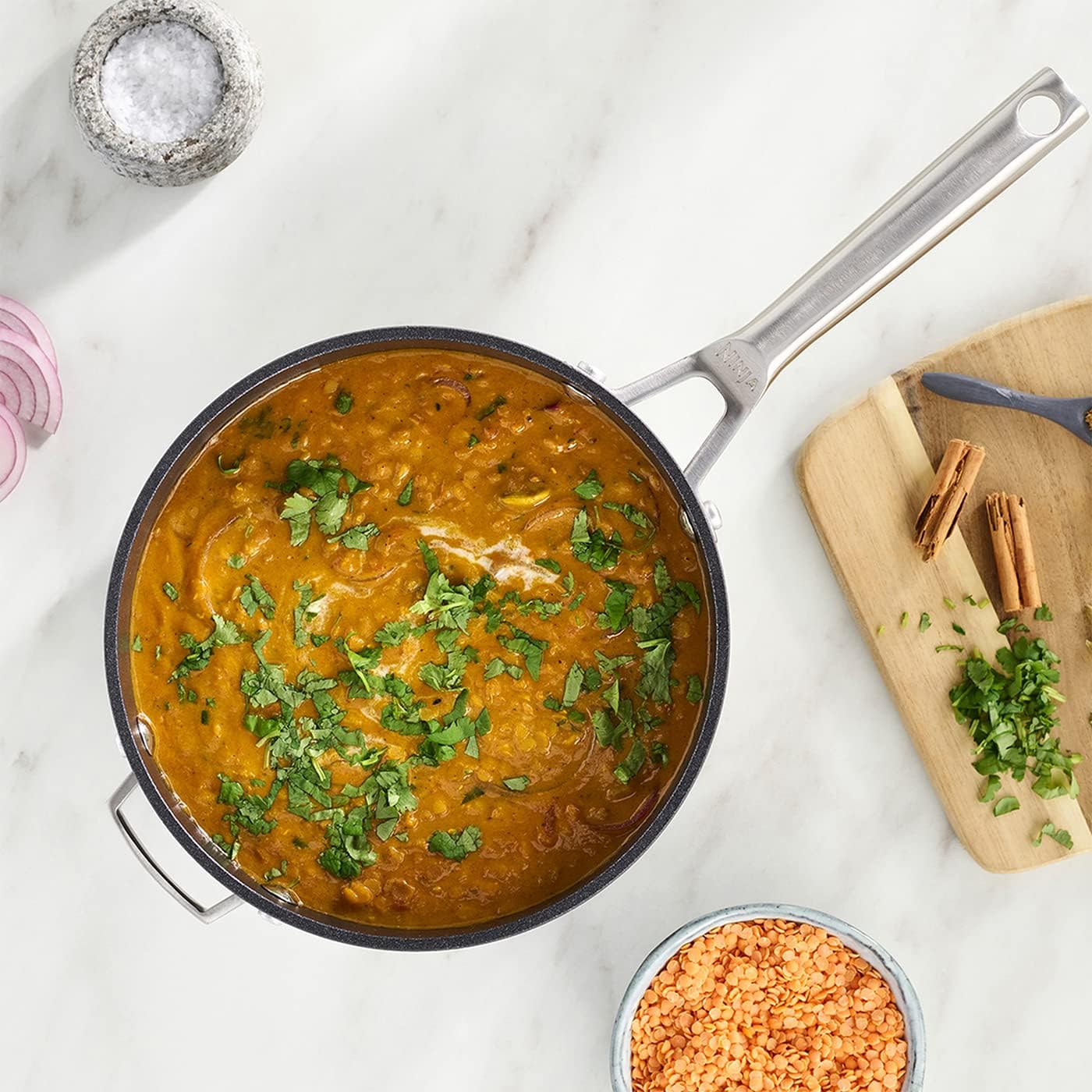 KEIN KLEBEN ODER ABBLÄTTERN: Die extrem langlebige Ninja Foodi ZEROSTICK kombiniert eine Plasma-Keramik-Verbindung mit der exklusiven Beschichtung von Ninja und schafft so eine robuste strukturierte Oberfläche, die frei von Abplatzungen bleibt ROBUST & LANGLEBIG: Die äußerst strapazierfähige strukturierte Oberfläche ist kratzfest, für Metallutensilien geeignet und spülmaschinenfest. Geeignet für alle Herdarten, einschließlich Induktion VERHINDERT DAS ANHAFTEN VON LEBENSMITTELN, TAG FÜR TAG: Kochen Sie mit wenig bis gar keinem Öl. Braten Sie wie in Edelstahl, ohne Anhaften GEEIGNET FÜR ALLE HERDARTEN; Kompatibel mit Induktions-, Gas-, Elektro- & Keramikherden; Ofensicher bis 260°C. Kann zusammen mit anderen Pfannen aus der stapelbaren Serie verstaut werden, um Ihr Kochgeschirr sicher aufzubewahren und zu schützen BEINHALTET: Ninja Foodi 20cm Kochtopf mit Deckel, spülmaschinenfest. Gewicht: 1,52 kg. Farbe: Grau 10-JAHRE ERSATZGARANTIE einschließlich der ZEROSTICK-Beschichtung, nach Registrierung bei Ninja (bei ordnungsgemäßer Verwendung gemäß der Gebrauchs- und Pflegeanleitung) | قیمت یورویی : 39.64€
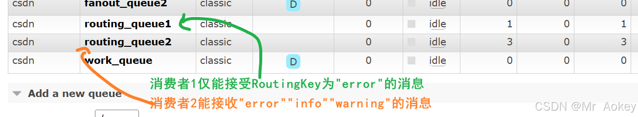 注意:在消费者代码逻辑中没有看到声明交换机和队列,因为当生产者或消费者其中一方声明交换机或队列后,另一方使用时可以不再声明(对于已经存在的交换机和队列,可以直接使用),但是建议双方都声明一下,倘若不存在系统会报错
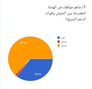 1/ عند سؤال المشاركين في مفتتح الاستطلاع عن موقفهم من الهدنة المقترحة بين الجيش وقوات الدعم السريع.. جاءت الإجابات واضحة وقاطعة؛ إذ قالت غالبية المشاركين بنسبة 62.9% أن الهدنة ليست الخيار المناسب في هذه المرحلة، معلنين رفضهم لها بشكل حاسم…بينما أيّدها 35.6% فقط، وظهرت نسبة صغيرة محايدة بلغت 1.5%، في مؤشر صريح على أن شارعًا واسعًا يرى أن الهدنة قد لا تحقق مصلحة البلاد في ظل الظروف الحالية.
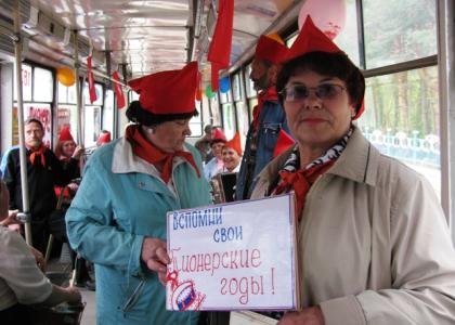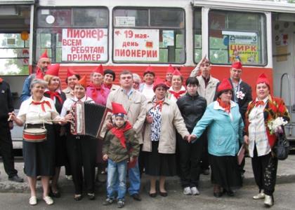 Все лучшее, что было, помнить надо с достоинством, чтоб сердцем не стареть! Под таким девизом активисты ВЖС Надежда России г Бийска: Коробова В.Ф, Лобова М.А. Крапчатова Н.И, а так же женский совет п.Молодежного : Гаврилова Е, Пашкова ВВ и другие уже второй год пускают по городу в честь дня рождении Пионерской организации им.В.И.Ленина - "Пионерский трамвай".
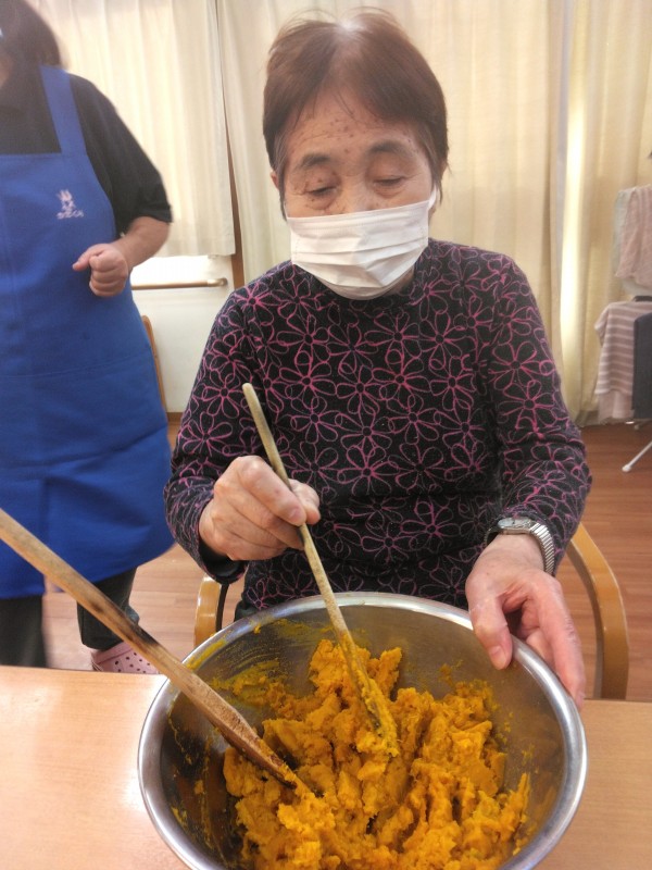今が旬のかぼちゃをみんなでつぶしてあんこを包んで茶巾絞り(^^)v
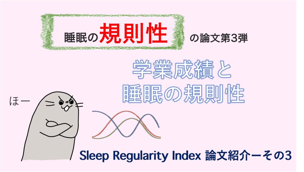 第3弾目にして初めて、睡眠規則性指数「SRI」が考案され使用された最初の研究をご紹介します。2017年に発表された論文で大学生を対象に、規則・不規則睡眠群の学業成績… -
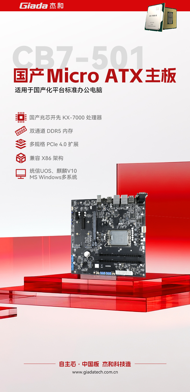 自主芯·中国板|国产化再进一步,杰和科技推出基于国产兆芯开先kx-7000、国产飞腾D3000芯片平台的计算机主板:CB7-501、CB7-306,适用于国产化平台标准办公电脑。
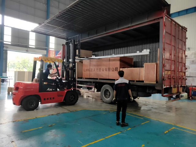 2019年6月18日,河南省安阳市车之宝汽车服务公司订购的一台镭豹360锐意型炫彩镀膜风干多功能洗护一体机正在装车,预计5天时间设备可以运抵用户处。设备重量2300kg,10个立方,6件货。
◇ ◇ ◇
- _Work to complete_
If a record contains a picture, leave the picture out and retype everything else exactly.

- _Finished task_
 KEIN KLEBEN ODER ABBLÄTTERN: Die extrem langlebige Ninja Foodi ZEROSTICK kombiniert eine Plasma-Keramik-Verbindung mit der exklusiven Beschichtung von Ninja und schafft so eine robuste strukturierte Oberfläche, die frei von Abplatzungen bleibt ROBUST & LANGLEBIG: Die äußerst strapazierfähige strukturierte Oberfläche ist kratzfest, für Metallutensilien geeignet und spülmaschinenfest. Geeignet für alle Herdarten, einschließlich Induktion VERHINDERT DAS ANHAFTEN VON LEBENSMITTELN, TAG FÜR TAG: Kochen Sie mit wenig bis gar keinem Öl. Braten Sie wie in Edelstahl, ohne Anhaften GEEIGNET FÜR ALLE HERDARTEN; Kompatibel mit Induktions-, Gas-, Elektro- & Keramikherden; Ofensicher bis 260°C. Kann zusammen mit anderen Pfannen aus der stapelbaren Serie verstaut werden, um Ihr Kochgeschirr sicher aufzubewahren und zu schützen BEINHALTET: Ninja Foodi 20cm Kochtopf mit Deckel, spülmaschinenfest. Gewicht: 1,52 kg. Farbe: Grau 10-JAHRE ERSATZGARANTIE einschließlich der ZEROSTICK-Beschichtung, nach Registrierung bei Ninja (bei ordnungsgemäßer Verwendung gemäß der Gebrauchs- und Pflegeanleitung) | قیمت یورویی : 39.64€
 注意:在消费者代码逻辑中没有看到声明交换机和队列,因为当生产者或消费者其中一方声明交换机或队列后,另一方使用时可以不再声明(对于已经存在的交换机和队列,可以直接使用),但是建议双方都声明一下,倘若不存在系统会报错
 1/ عند سؤال المشاركين في مفتتح الاستطلاع عن موقفهم من الهدنة المقترحة بين الجيش وقوات الدعم السريع.. جاءت الإجابات واضحة وقاطعة؛ إذ قالت غالبية المشاركين بنسبة 62.9% أن الهدنة ليست الخيار المناسب في هذه المرحلة، معلنين رفضهم لها بشكل حاسم…بينما أيّدها 35.6% فقط، وظهرت نسبة صغيرة محايدة بلغت 1.5%، في مؤشر صريح على أن شارعًا واسعًا يرى أن الهدنة قد لا تحقق مصلحة البلاد في ظل الظروف الحالية.
 Все лучшее, что было, помнить надо с достоинством, чтоб сердцем не стареть! Под таким девизом активисты ВЖС Надежда России г Бийска: Коробова В.Ф, Лобова М.А. Крапчатова Н.И, а так же женский совет п.Молодежного : Гаврилова Е, Пашкова ВВ и другие уже второй год пускают по городу в честь дня рождении Пионерской организации им.В.И.Ленина - "Пионерский трамвай".
今が旬のかぼちゃをみんなでつぶしてあんこを包んで茶巾絞り(^^)v
 第3弾目にして初めて、睡眠規則性指数「SRI」が考案され使用された最初の研究をご紹介します。2017年に発表された論文で大学生を対象に、規則・不規則睡眠群の学業成績… -
 自主芯·中国板|国产化再进一步,杰和科技推出基于国产兆芯开先kx-7000、国产飞腾D3000芯片平台的计算机主板:CB7-501、CB7-306,适用于国产化平台标准办公电脑。
 2019年6月18日,河南省安阳市车之宝汽车服务公司订购的一台镭豹360锐意型炫彩镀膜风干多功能洗护一体机正在装车,预计5天时间设备可以运抵用户处。设备重量2300kg,10个立方,6件货。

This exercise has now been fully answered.